Developer Guide

FPGA Optimization Guide for Intel® oneAPI Toolkits

ID 767853
Date 3/31/2023
Public

A newer version of this document is available. Customers should click here to go to the newest version.

Document Table of Contents

Avoid Expensive Functions

Some functions are expensive to implement in FPGAs. Expensive functions might decrease kernel performance or require a large amount of hardware to implement.

The following functions are expensive:

  • Integer division and modulo (remainder) operators
  • Most floating-point operators except addition, multiplication, absolute value, and comparison. For more information about optimizing floating-point operations, refer to the Optimize Floating-point Operation section.
  • Atomic operations. For more information, refer to the Memory Model and Atomics in the Data Parallel C++ book and Atomic Operations topic in the SYCL™ 2020 specification.

In contrast, inexpensive functions have minimal effects on kernel performance, and their implementation consumes minimal hardware.

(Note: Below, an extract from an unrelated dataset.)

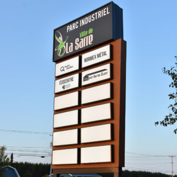 The City of La Sarre entrusted Réflecteur with the task of revitalizing the industrial park’s signage pylon to give it a more up-to-date and representative look that reflects the municipality’s dynamic image. The primary goal was to transform the sign into a true symbol of welcome, while enhancing its visibility and visual impact for users, visitors, and surrounding businesses.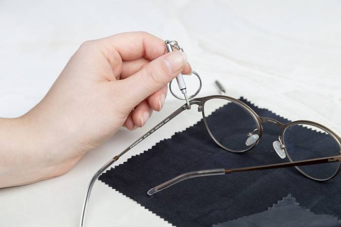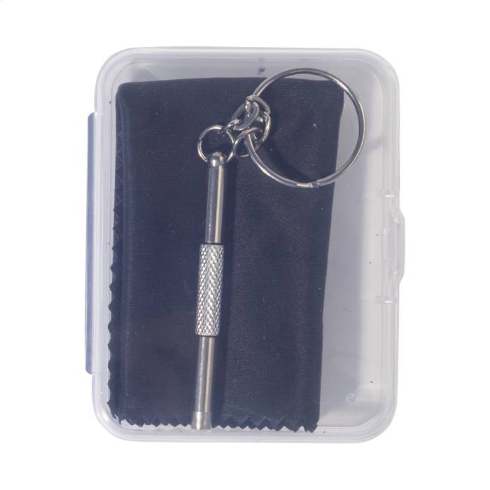 Kompakt szemüvegjavító készlet átlátszó PP dobozban. Tartalmaz egy 100% RPET mikroszálas (220 g/m²) tisztítókendőt és egy mini csavarhúzót kulcskarikával. Kendő mérete: 18 × 15 cm.

The following functions are inexpensive:

  • Binary logic operations such as AND, NAND, OR, NOR, XOR, and XNOR
  • Logical operations with one constant argument
  • Shift by constant
  • Integer multiplication and division by a constant that is a power of two

If an expensive function produces a new piece of data for every work item in a work group, it is beneficial to code it in a kernel.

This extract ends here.